E assim estava um casal de argentinos, contente pelo simples fato de haver comprado, depois de muito tempo fora de casa, uma garrafa de ferné.

O ferné é a cachaça dos hermanos, tem gosto de pasta de dente com coca-cola (desde pequeno, sempre quis comer pasta de dente) e é feito de ervas e flores.

Os dois caminhavam assim voando em uma avenida de Madri e iam atravessar uma pequena rua transversal quando uma Ferrari alaranjada pára em cima da faixa de pedestres.
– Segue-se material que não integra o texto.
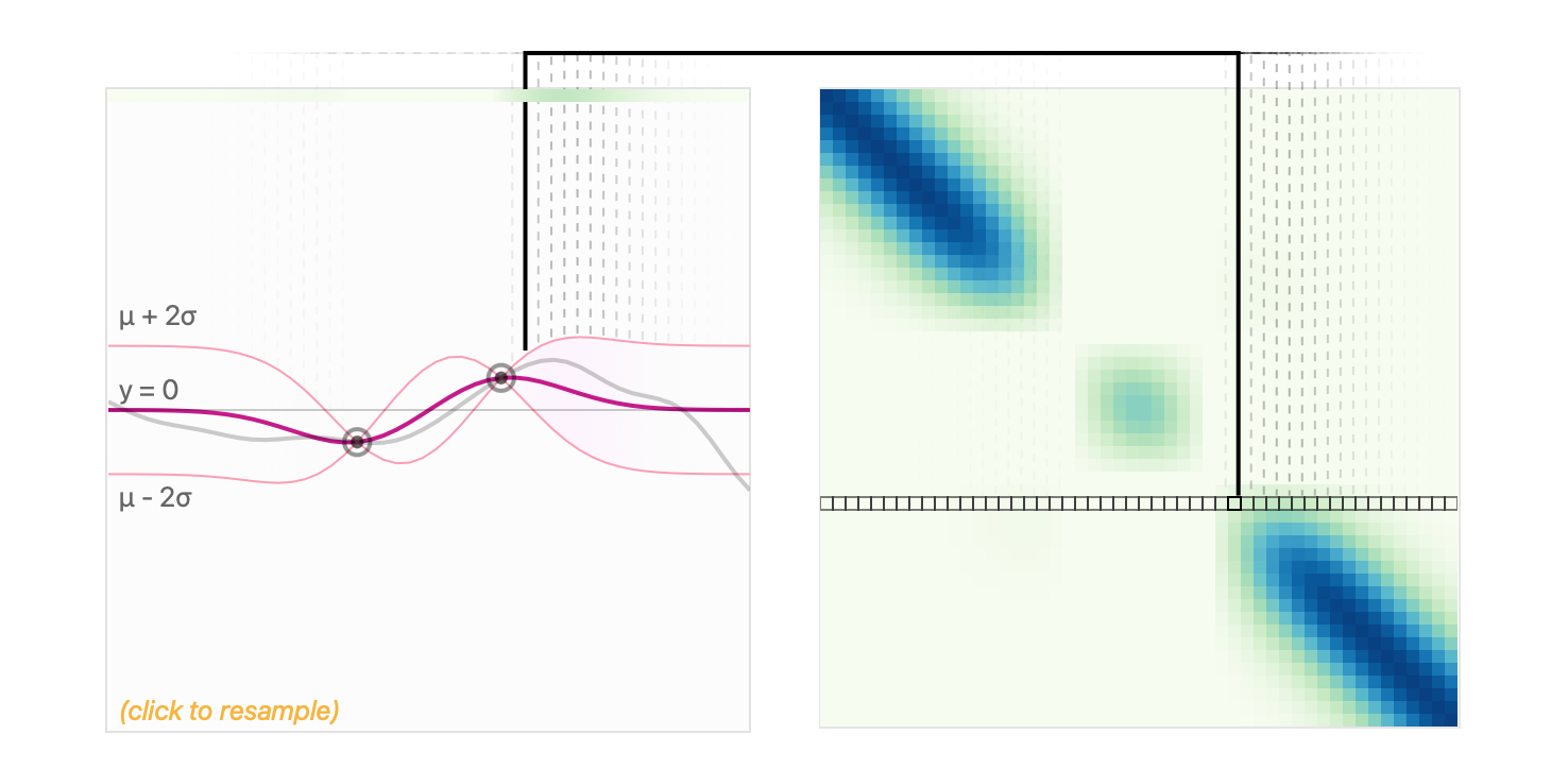 核函数,一般用作一种距离的度量,可以理解为可以两个样本点的相互影响。 这里用现有样本的特征 建立随机变量间的距离,再用其作为每个维度之间的协方差。 此处的核函数有多种选择方式,可以起到添加先验知识的作用。 此外,核函数还可以通过组合来使用,比如加法组合、乘法组合等,通常会获得一些合并的特性,比如既是周期又有线性。
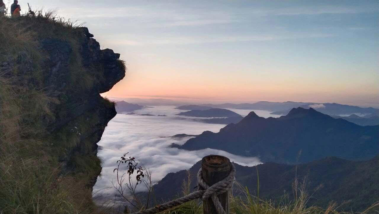 ซึ่งเป็นภาพความงามราวสวรรค์บนดิน จากจุดชมวิวที่ความสูงกว่า 1,600 เมตรเหนือระดับน้ำทะเล นักท่องเที่ยวจะได้ตื่นตาตื่นใจกับ ทะเลหมอก ที่ลอยปกคลุมเหนือหุบเขา และพรมแดนไทย-ลาวอย่างหนาแน่น ทำให้เกิดภาพที่งดงามราวกับสวรรค์บนดิน

Como os argentinos são os italianos do sul e logo se acostumam com a ordem e o progresso, se sentiram molestados pelo fato de o camarada dono do carrão não respeitar o direito sagrado dos que andam. E tinham toda a razão – não me venha falar mal dos argentinos, que você não é Galvão Bueno.

O argentino então mescla seu sentimento de raiva pelo motorista com o encanto pelo carrão.

– É uma Ferrari!, diz com os olhos arregalados e voltados para a companheira.

Ela, portenha de nascimento e de presença, dá de ombros:

– Grandes merdas…

Estimulado pela reação feminina, o camarada resolve tirar um sarro com o carrão e passa a sacola de supermercado chinês, dessas bem fininhas, prestes a romper-se com ferné e tudo, tirando tinta do capô. E desfila na mais irritante calma que já se viu na Espanha e em Portugal juntos.

O condutor mirava a cabeça do pedestre com se fora o alvo de um míssil de curta distância e o argentino o devolvia a olhada assassina numa reação dessas de cachorro pincher contra pitbull.

– É Cristiano Ronaldo, surpreende-se ele, para arrancar a reação da companheira:

– Grandes merdas, sujeito asqueroso, e vira a cara cheia de desdém.

O sinal abre e esse jogador de futebol acostumado a tietagens de toda ordem, a tapetes vermelhos e autógrafos, não concebe a indiferença dos pobres pedestres: rompe seu cavalinho amarelo com toda velocidade, depois de ouvir em bom argentinazo, traduzido para baianasso:

– Quebre meu ferné, seu sacana, que te mato!!!

*Há outras versões da mesma história, inclusive a do flaco. A outra é de um certo jornal esportivo, que publicou o conto ao gosto do craque de sobrancelha feita. Assim é o “jornalismo” do lado de cá, papá.